[SUPPLIED DATA]
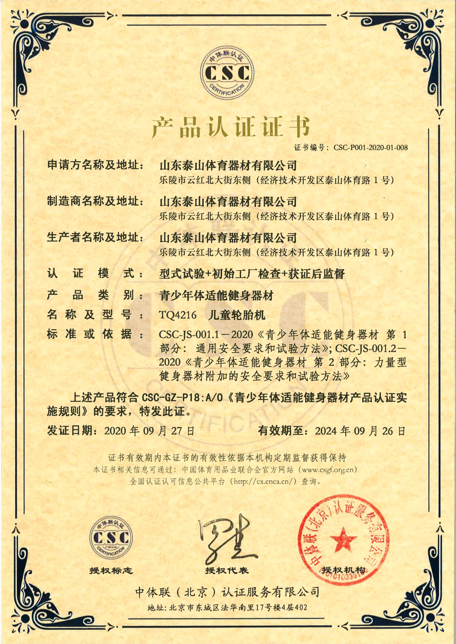 | 青少年体适能健身器材 | CSC-P001-2020-01-008 | TQ4216 | 儿童轮胎机 | 2020-09-27 | 有效 | 点击 |
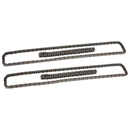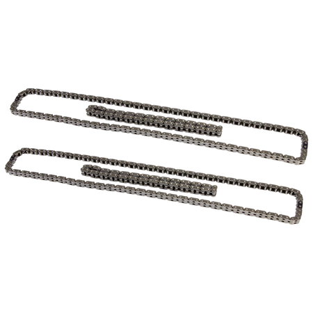 The COMP Cams Hi-Tech Timing Chain Sets for Ford Coyote engines are designed to withstand the stresses of upgraded, modified applications and are the perfect choice when replacing fatigued, worn out factory chains. Any time the cams are being upgraded in a Ford Coyote engine, or it is being built for high RPM racing use, replacing the tired, stock timing chains is a must. The new COMP Cams Hi-Tech Ford Coyote Timing Chain Sets feature heavy-duty secondary chains with 15% thicker plates than the factory chains, which helps to prevent common secondary chain failure. These kits also include premium quality primary chains that are ideal for any high performance or racing application. Whether simply upgrading camshafts or doing a full race engine build, these timing chain sets provide the durability needed in aggressive racing environments. Sets include two primary and two secondary chains.
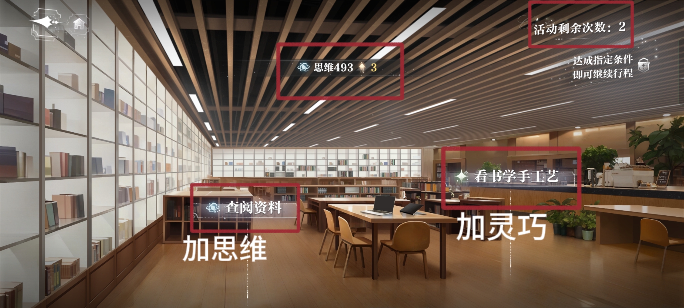 2、进入图书馆后可以看到两个选项,其中“查阅资料”可加思维,每日三次活动次数,每次加三点(此为举例,具体大家视自身情况,哪个低就去升哪个)
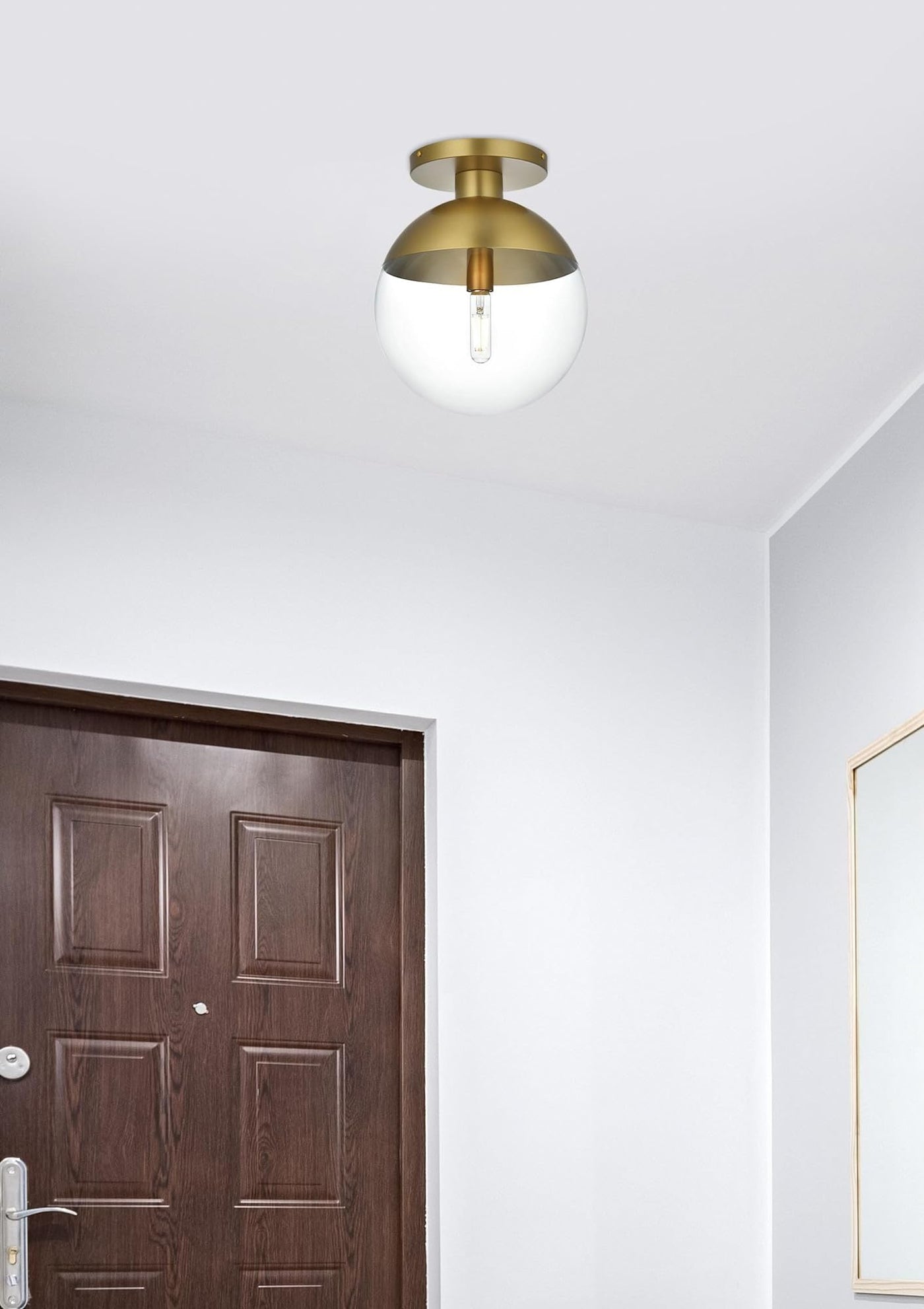 Refined style with a practical design, Eclipse flush mount bring cosmopolitan sophistication anywhere, especially to an entryway, office, bathroom, bedroom, or kitchen. The smooth iron frame features a disk-shaped canopy and comes in a brass finish. A touch of color on top of the clear spherical glass shade brings character to this classic style. Living in the big city has never been this easy.
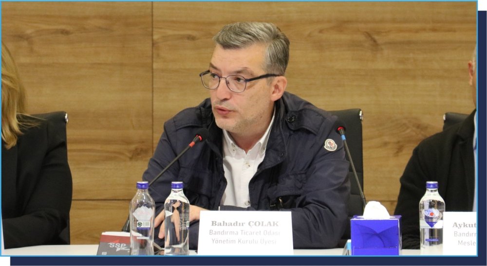 Bandırma Ticaret Odası Yönetim Kurulu Üyesi Bahadır Çolak yaptığı konuşmasında; kendi sektörü ve şirketini tanıtırken, çalışanlara sağlanan imkanlar ve yaşanılan teknik eleman azlığı sorunu ile ilgili bilgi verdi. Teknik eleman eksikliğinin yoğun bir şekilde yaşandığını söyleyen Bahadır Çolak, bazı işler için şehir dışından usta getirmek zorunda kaldıklarını belirtirken, meslek liselerinden mezun olanların şirketlerde istihdam edilme ve kendi işyerini açma seçenekleri olduğu için; işsiz kalma oranının çok düşük olduğunu, ayrıca devletin işyeri açacak kişilere de destekleri olduğunu belirtti.
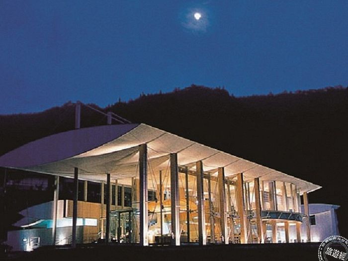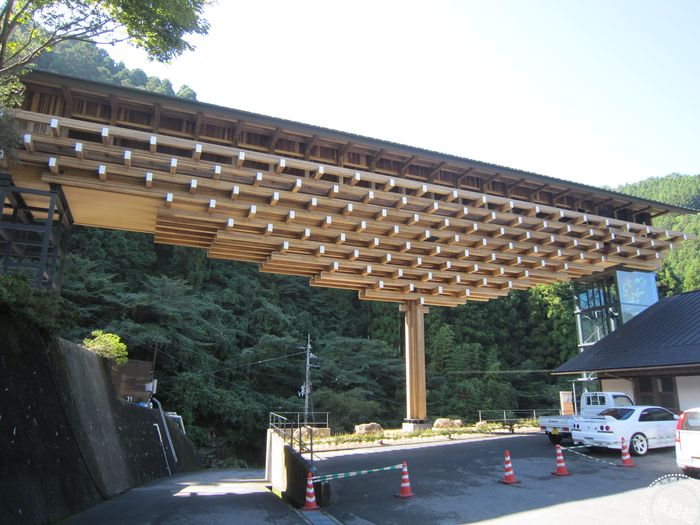 《檮原町綜合廳舍》為隈研吾2006年在檮原町完成的第二作,大量使用町產杉木,屋頂導入太陽能發電板,館內還設置富有在地文化的茶堂。一般開放時間:0800-17:00(日本新年期間外基本上全年開放參觀)。
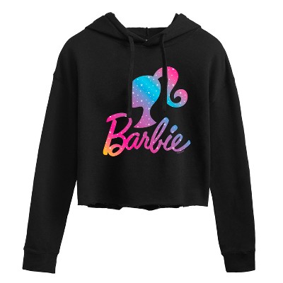 Women's Barbie Holiday & Christmas Cropped Graphic Hoodie - Black - Medium
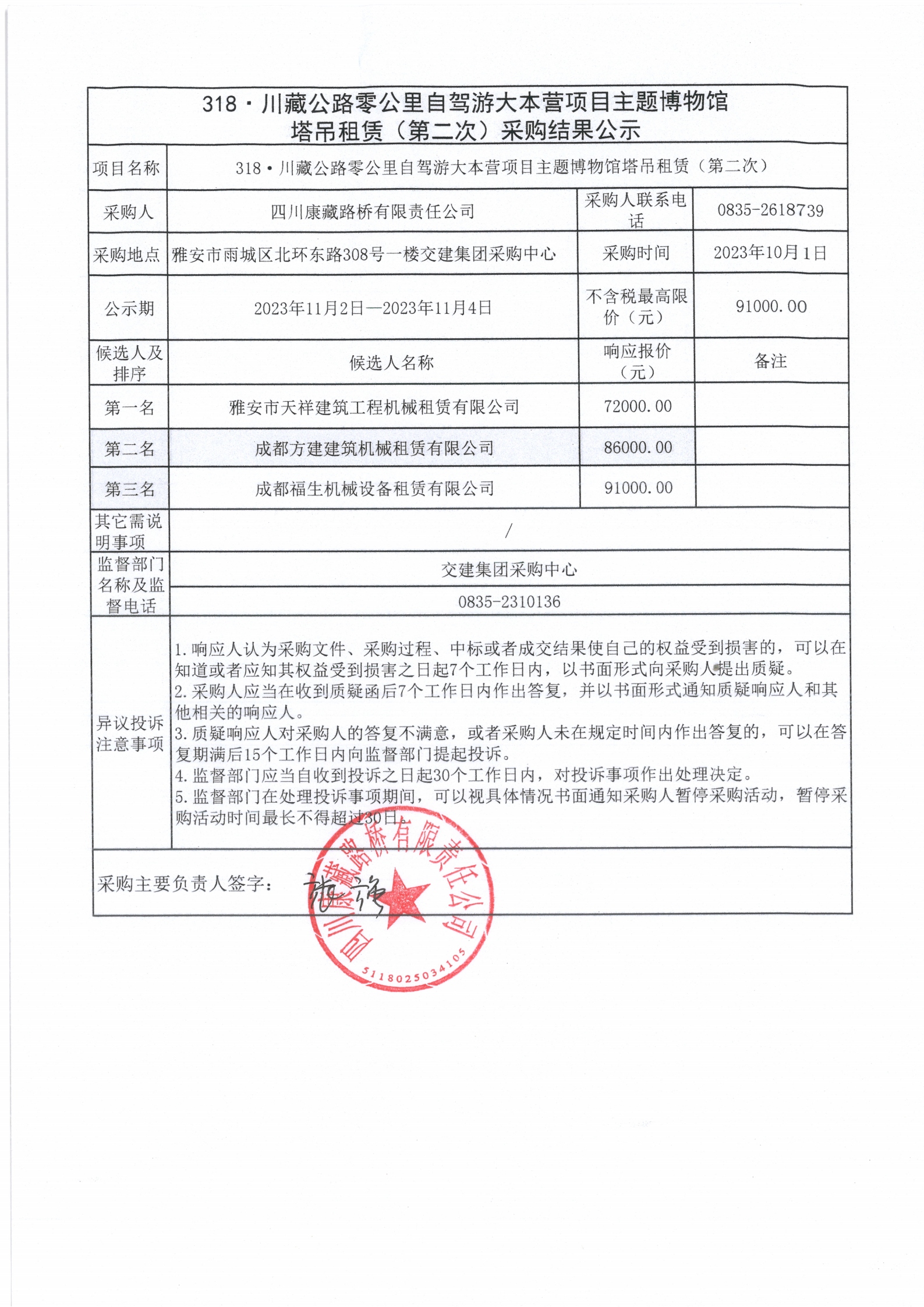 四川康藏路橋有限責(zé)任公司318·川藏公路零公里自駕游大本營項(xiàng)目主題博物館塔吊租賃(第二次)采購結(jié)果公示

[WHAT NEEDS TO BE DONE] Output the listing word for word. Drop the pictures.

[ANSWER FOR THE TASK]
 | 青少年体适能健身器材 | CSC-P001-2020-01-008 | TQ4216 | 儿童轮胎机 | 2020-09-27 | 有效 | 点击 |
 The COMP Cams Hi-Tech Timing Chain Sets for Ford Coyote engines are designed to withstand the stresses of upgraded, modified applications and are the perfect choice when replacing fatigued, worn out factory chains. Any time the cams are being upgraded in a Ford Coyote engine, or it is being built for high RPM racing use, replacing the tired, stock timing chains is a must. The new COMP Cams Hi-Tech Ford Coyote Timing Chain Sets feature heavy-duty secondary chains with 15% thicker plates than the factory chains, which helps to prevent common secondary chain failure. These kits also include premium quality primary chains that are ideal for any high performance or racing application. Whether simply upgrading camshafts or doing a full race engine build, these timing chain sets provide the durability needed in aggressive racing environments. Sets include two primary and two secondary chains.
 2、进入图书馆后可以看到两个选项,其中“查阅资料”可加思维,每日三次活动次数,每次加三点(此为举例,具体大家视自身情况,哪个低就去升哪个)
 Refined style with a practical design, Eclipse flush mount bring cosmopolitan sophistication anywhere, especially to an entryway, office, bathroom, bedroom, or kitchen. The smooth iron frame features a disk-shaped canopy and comes in a brass finish. A touch of color on top of the clear spherical glass shade brings character to this classic style. Living in the big city has never been this easy.
 Bandırma Ticaret Odası Yönetim Kurulu Üyesi Bahadır Çolak yaptığı konuşmasında; kendi sektörü ve şirketini tanıtırken, çalışanlara sağlanan imkanlar ve yaşanılan teknik eleman azlığı sorunu ile ilgili bilgi verdi. Teknik eleman eksikliğinin yoğun bir şekilde yaşandığını söyleyen Bahadır Çolak, bazı işler için şehir dışından usta getirmek zorunda kaldıklarını belirtirken, meslek liselerinden mezun olanların şirketlerde istihdam edilme ve kendi işyerini açma seçenekleri olduğu için; işsiz kalma oranının çok düşük olduğunu, ayrıca devletin işyeri açacak kişilere de destekleri olduğunu belirtti.
 《檮原町綜合廳舍》為隈研吾2006年在檮原町完成的第二作,大量使用町產杉木,屋頂導入太陽能發電板,館內還設置富有在地文化的茶堂。一般開放時間:0800-17:00(日本新年期間外基本上全年開放參觀)。
 Women's Barbie Holiday & Christmas Cropped Graphic Hoodie - Black - Medium
 四川康藏路橋有限責(zé)任公司318·川藏公路零公里自駕游大本營項(xiàng)目主題博物館塔吊租賃(第二次)采購結(jié)果公示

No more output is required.